PROBLEM DESCRIPTION. Only the lines from the one holding "由圖3可知,對于不同鏈長的A" through the end of the material are to be repeated, exactly and without pictures.

RECORDS.

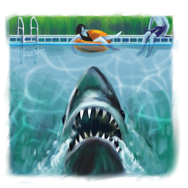 During a scene in which the body of a man is chopped in half by the shark and dragged into the ocean, turning the water red, the commotion in the pool among the movie-watchers stopped. Some students stared at the screen with their mouths open; others looked away. “That’s why we all had nightmares,” said Nye.
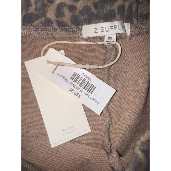 Z Supply Leopard Print Wide Leg Lounge Pants Tan Grey Drawstring Size Medium
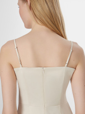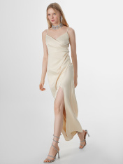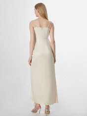 Платье женское полуприлегающего силуэта, длина макси. Перед состоит из двух деталей с заложенными складками в боковой шов. Спинка из отдельных частей. Юбка отрезная, с разрезом спереди и с заложенными складками в боковой шов, линия шва на талии. Сзади потайная молния (Invisible №4, Gizli 4\4, 5мм). Верх обработан обтачкой из основного полотна с дублерином. Изделие на бретелях с регулировкой (рамка 806L, 6мм; кольцо М006, 6мм). Низ изделия вподгибку. _x000D_
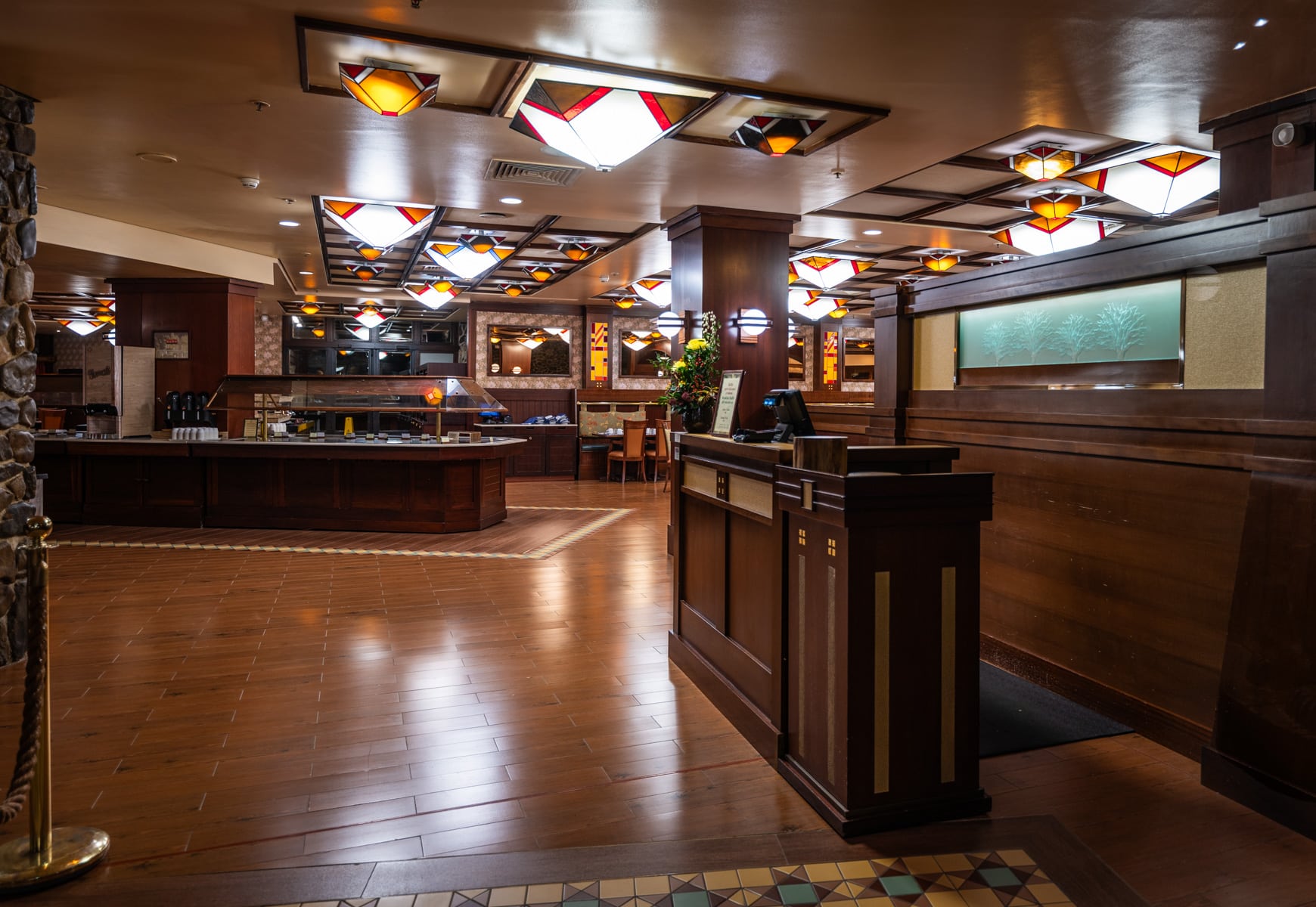 On the other hand, stripping away the thematic elements and repainting large expanses of the interior white would not. That’s my fear. That the “touch of modernity” here won’t be letting the original architecture and design shine through, or enhancing that. But rather, that it’ll be generifying the inside, chasing current trends, and trying to transform Sequoia Lodge into something it isn’t.
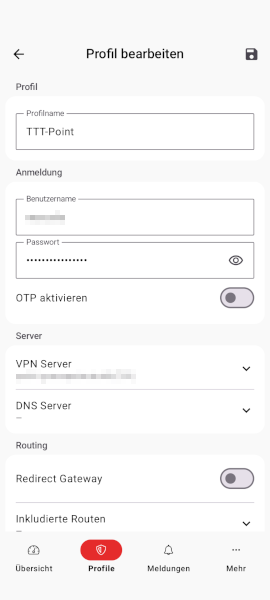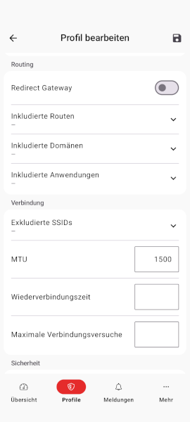 | notemptyLediglich manuell hinzugefügte VPN-Profile lassen sich vollständig überarbeiten. Beim Securepoint Mobile Security-Profil ist die Bearbeitung stark eingeschränkt. Ausschließlich veränderbar ist der Abschnitt Weiteres | |||
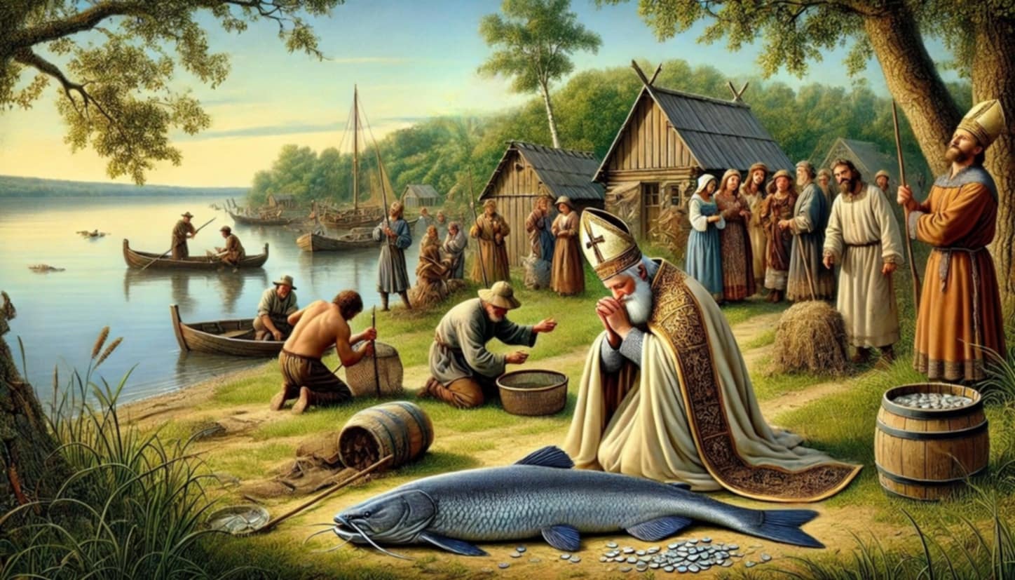 Kiedy dzielono mięso wielkiego suma, w jego trzewiach nie barana znaleziono lecz okutą beczułkę. Zaskoczeni rybacy rozbili drewniana baryłkę, z której wypłynęły srebrne monety, zausznice, kabłączki, lunule, naszyjniki, kaptorga nawet. Prawdziwy skarb. Uradowani mieszkańcy osady wołać poczęli w stronę biskupiego orszaku:
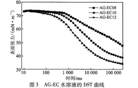由圖3可知,對于不同鏈長的AG.EC水溶液,其DST曲線都是微微下降一快速下降一緩慢平衡的過程。另外在疏水鏈變長的同時,DST曲線的誘導(dǎo)期時間縮短,DST下降趨勢增加,介平衡狀態(tài)表面張力值越低。這是由于疏水烷基鏈增長使得表面活性劑的疏水性增強(qiáng),更容易吸附到溶液的表面。
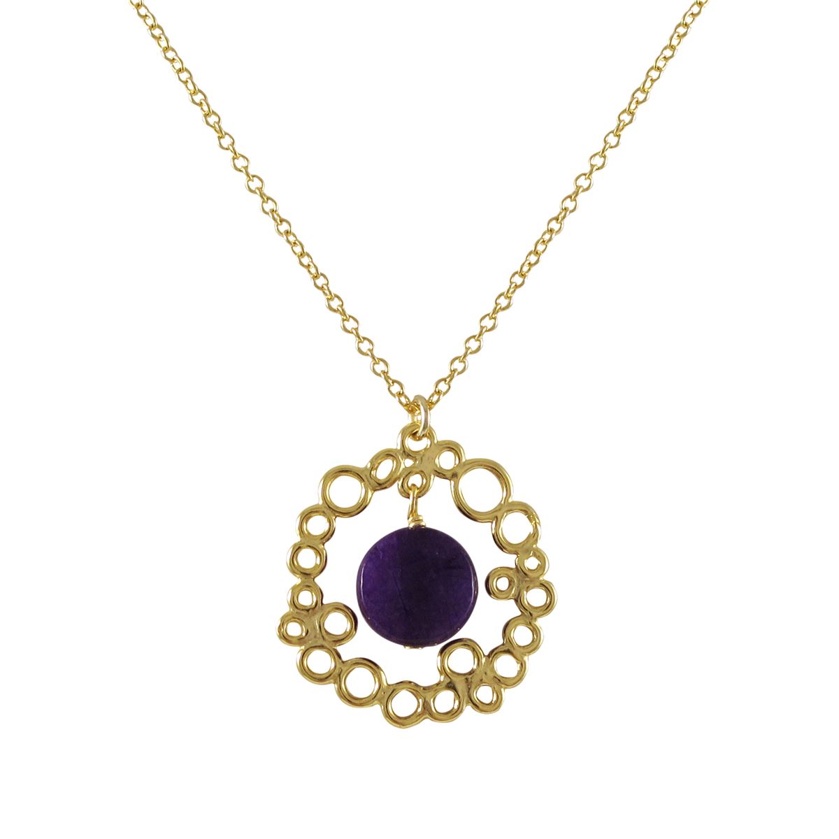 Amy 10Mm Round Semi Precious Stone In Gold Plated Brass Filigree Pendant, 1.08", On Gold Plated Sterling Silver Chain, 18"

ANSWER TO THE EXERCISE.
由圖3可知,對于不同鏈長的AG.EC水溶液,其DST曲線都是微微下降一快速下降一緩慢平衡的過程。另外在疏水鏈變長的同時,DST曲線的誘導(dǎo)期時間縮短,DST下降趨勢增加,介平衡狀態(tài)表面張力值越低。這是由于疏水烷基鏈增長使得表面活性劑的疏水性增強(qiáng),更容易吸附到溶液的表面。
 Amy 10Mm Round Semi Precious Stone In Gold Plated Brass Filigree Pendant, 1.08", On Gold Plated Sterling Silver Chain, 18"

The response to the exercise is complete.